EXERCISE OBJECTIVE: What you return should be the full listing, word for word, without a single image.

INFORMATION SUPPLIED:
• • • •
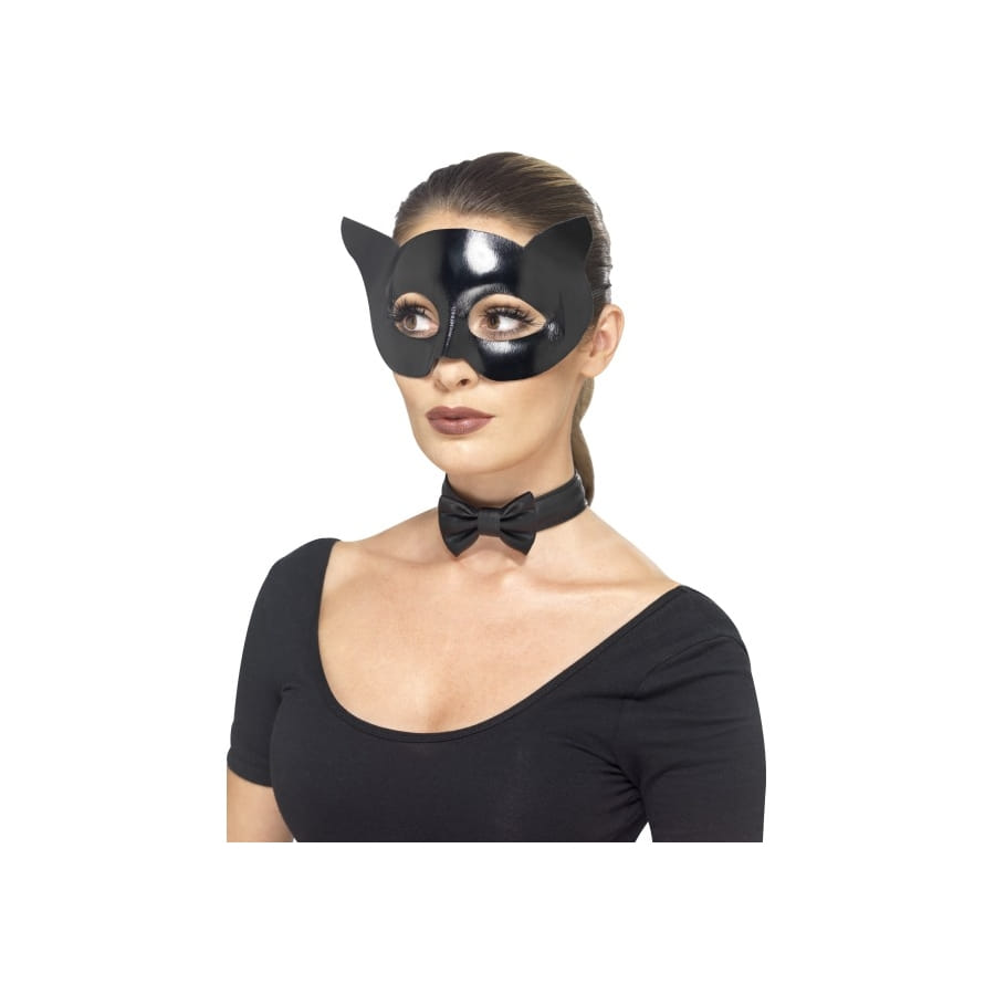 Si vous recherchez un accessoire de déguisement sur le thème animal pour Halloween ou toute autre fête déguisée, nous vous proposons ce kit de chat noir masqué pour femme. L'ensemble comprend un demi-masque chat noir à effet mouillé couvrant la partie supérieure du visage et un noeud papillon noir. Cet accessoire vous donnera un look à la fois sexy et élégant.
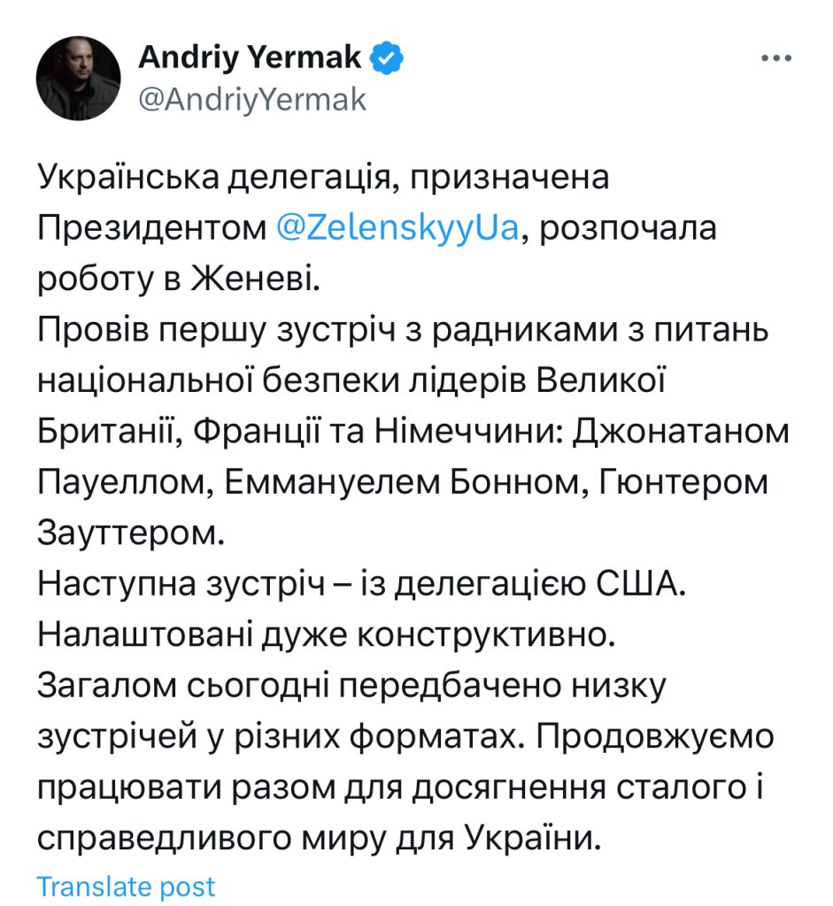 „ძალიან კონსტრუქციულად ვართ განწყობილები. საერთო ჯამში, დღეს გათვალისწინებულია მთელი რიგი შეხვედრები სხვადასხვა ფორმატში. ვაგრძელებთ ერთად მუშაობას უკრაინისთვის მდგრადი და სამართლიანი მშვიდობის მისაღწევად“, – აღნიშნა ერმაკმა.
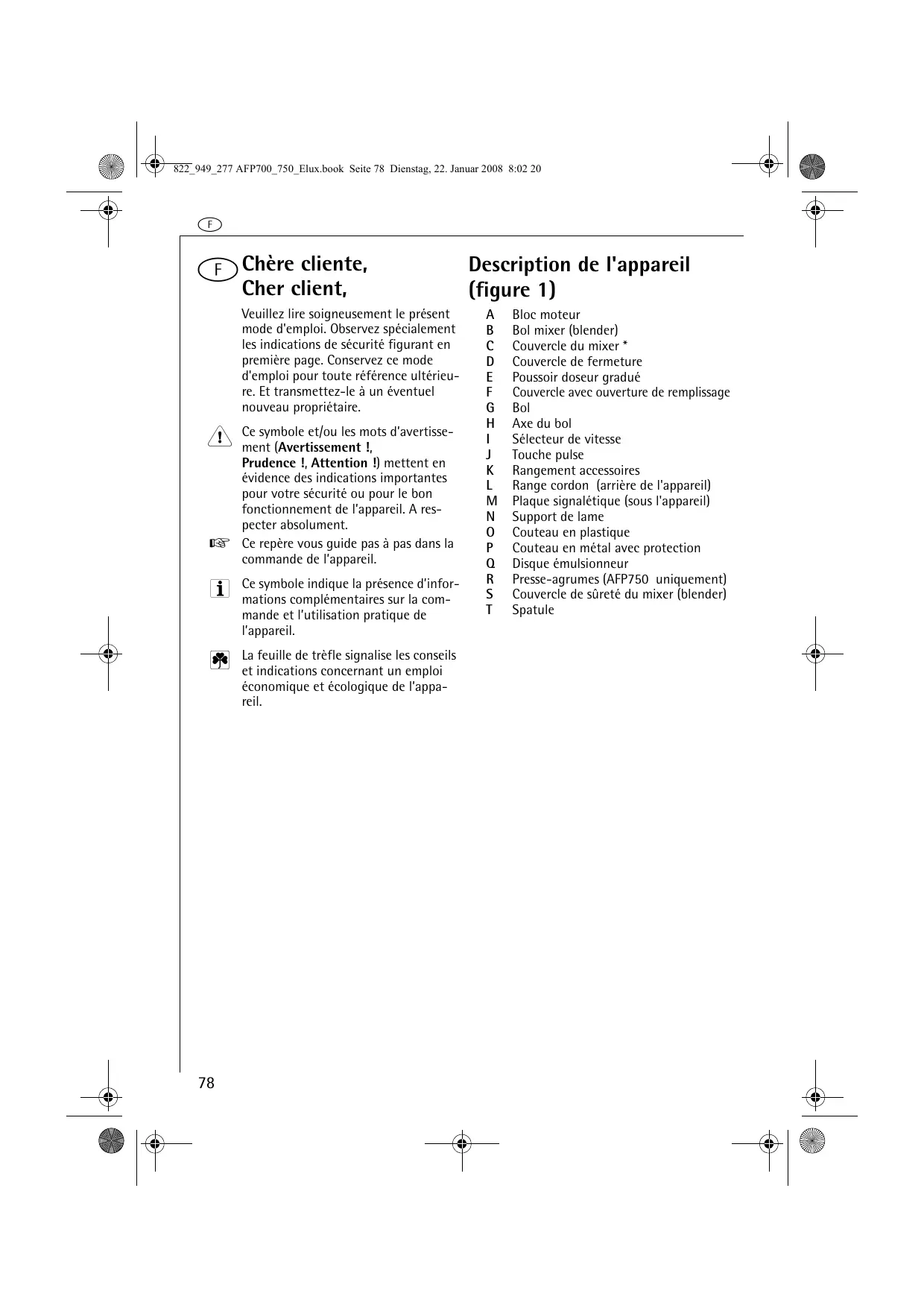 MODE D'EMPLOI AFP700 AEG-ELECTROLUX
• • • •
RESULT FOR THIS EXERCISE:
 Si vous recherchez un accessoire de déguisement sur le thème animal pour Halloween ou toute autre fête déguisée, nous vous proposons ce kit de chat noir masqué pour femme. L'ensemble comprend un demi-masque chat noir à effet mouillé couvrant la partie supérieure du visage et un noeud papillon noir. Cet accessoire vous donnera un look à la fois sexy et élégant.
 „ძალიან კონსტრუქციულად ვართ განწყობილები. საერთო ჯამში, დღეს გათვალისწინებულია მთელი რიგი შეხვედრები სხვადასხვა ფორმატში. ვაგრძელებთ ერთად მუშაობას უკრაინისთვის მდგრადი და სამართლიანი მშვიდობის მისაღწევად“, – აღნიშნა ერმაკმა.
 MODE D'EMPLOI AFP700 AEG-ELECTROLUX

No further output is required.